Опять все то же, что было и вчера, и позавчера, и позапозавчера, и всю осень, и целых полжизни: сквозь ресницы, сквозь пепел утреннего сна в запотевшем окне спальни пастората — кусок серого предрассветного неба, мокрый навес драночной крыши, черные стволы елей, темно-красная от кленовых листьев трава, выбеленная известью каменная стена; высокое, холодно синеющее окно церкви.

Все то же, уже пустое, углубление на подушке в льняной наволочке рядом с моим лицом Или все то же в серой щетине лицо, пахнущее трубкой, — о господи, ведь любимое лицо… Жесткая щетина прикасается к моей щеке, детский поцелуй в мочку уха. Сиплый шепот: dormi, dormi, cara mia…[145] и быстрые шаги в шлепанцах… И в тот же миг снова полузабытье… Высокое, холодное, синеватое окно расплывается, как будто разливается теплая синяя вода…

Журчит теплая темно-синяя вода под светло-синим небом…

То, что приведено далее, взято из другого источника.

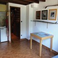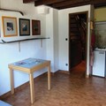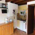 Inside, the apartment features a fully equipped kitchenette with a dishwasher, washing machine, oven, electric hob, and fridge, along with all necessary crockery. The spacious living area includes a dining space and a sofa for relaxation. The bathroom and separate toilet are on the first floor, while the second-floor under-roof bedroom adds to the charm and coziness of the space.

Мы сидим в гондоле. Катарина и я, мама и старый Луиджи тоже сидят с нами, и чернеющая вытянутая птичья шея гондолы скользит перед нами по сверкающему заливу. Мы родились под этим светло-синим небом. Катарина и я. Говорит мама. Но мы этого не помним. Мы видим его впервые. И белеющий город, и курящиеся карамельно-коричневые сахарные головы Везувия, и стену Costello dell Uovo, и хохолки пальм в ста шагах от синей воды. И солнце! Такое солнце, какого там, в городе белых медведей, носящем имя святого Петра, никогда не бывает. Там, откуда мы приехали. Там, где мы похоронили отца в яме, вырубленной в ледяной земле на старом католическом кладбище. Там, где страшная, твердая, как камень, замерзшая земля поглотила нашего отца. Отца, которого я, в сущности, и не помню. О котором в моей памяти сохранился только глухой смех, пряжка с зеленым камнем на шейном платке и открытая могила. И которого там, в городе белых медведей, звали господином маркизом. Так говорила мама. Или, во всяком случае, старый Луиджи, после того как на второй неделе нашей жизни в Неаполе мама вдруг захворала. Несколько дней лицо у нее было, как огонь, горячее, потом покрылось пятнами… и потом мы увидели маму утром: лицо у нее было совершенно белое. Она сама скрестила на груди руки. Она лежало на старой, пропахшей полынью кровати в дешевом гостиничном номере с белеными стенами. Мы с Катариной стоим в углу, прижавшись к побеленной известкой стене. Мы плачем друг у друга на груди. Время от времени к нам подходит старый Луиджи и тыльной стороной руки размазывает по нашим лицам свои и наши слезы. Мы кусаем губы: какие-то серые монахини выносят маму. Говорят, что мы должны сразу же уйти отсюда, из комнаты, чтобы ее можно было побелить, потому что мамина болезнь заразна. А мы не знаем, куда. Потому что Пиккалуга — богатых родственников отца, которых мы ищем и которые будто бы живут в Сицилии или еще где-то, мы не нашли, и только мама знала, где их искать. Мы — на улице, за нами по пятам с лаем ходят неаполитанские собаки. Собаки лают, страшные, пятнистые псы снуют мимо нас по полуразвалившимся лестницам, освещенным солнцем…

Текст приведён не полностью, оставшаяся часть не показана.